Solução implementada
Esta é, na verdade, uma implementação da resposta de glenn com a adição da função definida pelo usuário stringSplit()
para usar em vez da função Gawk 3.1.6 builtin split()
que não suporta o quarto argumento opcional ( [seps]
, uma matriz para armazenar os separadores) que precisamos. O Gawk 3.1.6 faz apoiar o terceiro argumento opcional de propósito similar a match()
necessário, mas [seps]
não está disponível até o Gawk 4.0.0.
# stringSplit(str,fld,rx,[sep])
# Split string on regex delimeter preserving regex-seperators. Gawk 3.1.6
# equivalent to builtin split() function of later versions which add
# support for an optional 4th argument, ([seps]), an array to hold the
# evaluated regular-expressions.
# Arguments:
# str
# string to split
# fld
# array of the resulting fields
# rx
# regular expression (regex) to split on
# [sep]
# optional array of seperator strings matching the regex
# Revised:
# 20140117 docsalvage
#
function stringSplit(str,fld,rx,sep, searchstr,searchndx,match1,matchn,matches) {
searchstr = str # copy of str to use in while() loop
searchndx = match(searchstr, rx) # index in searchstr where rx(regex) found
match1 = searchndx # preserve result of first match attempt
matchn = 1 # match number (index in array of matches)
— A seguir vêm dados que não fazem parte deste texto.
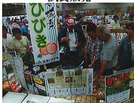
梨の新品種「甘ひびき」の 試食販売

matches = 0 # number of matches returned by split()
#
while (RLENGTH > 0) { # more reliable than while(searchndx > 0)
# save match
sep[matchn] = substr(searchstr, searchndx, RLENGTH)
#
# match() only searches from beginning so give it just remainder of str
searchstr = substr(searchstr, searchndx + RLENGTH)
#
# printf("sep[%2d]: %s, searchndx: %2d, RLENGTH: %2d, searchstr: %s\n", matchn, sep[matchn], searchndx, RLENGTH, searchstr)
#
# search for next rx
searchndx = match(searchstr, rx)
matchn = matchn + 1
}
#
if (match1) matches = split(str,fld,rx)
#
return matches
}
BEGIN {
print
print "Test of:"
print " stringSplit()"
print
#
str = "[[link|label label]][[link]] @tag more text some text with @anothertag and [[another|link]]"
rx = "[][][][]|@[[:alnum:]]+"
#
# fld - array of fields
# sep - array of seperators
#
tags = 0
matches = stringSplit(str,fld,rx,sep)
#
# arrayDebug("fld",fld)
# arrayDebug("sep",sep)
# print
#
print "Results:"
printf " "
# per glenn jackman answer at
# http://unix.stackexchange.com/questions/109491/the-ere-regex-to-split-string-between-a-delimiter-and-end-of-word
for (i=1; i<=matches; i++) {
printf "(%s)", fld[i]
if (match(sep[i], /^@(.+)/, m)) { printf "(%s)", m[1]; ++tags }
}
#
print
print
print "Summary:"
printf(" %d matches + %d tags = %d printed using regex(rx): %s\n on string(str): %s\n", matches, tags, matches + tags, rx, str)
print
}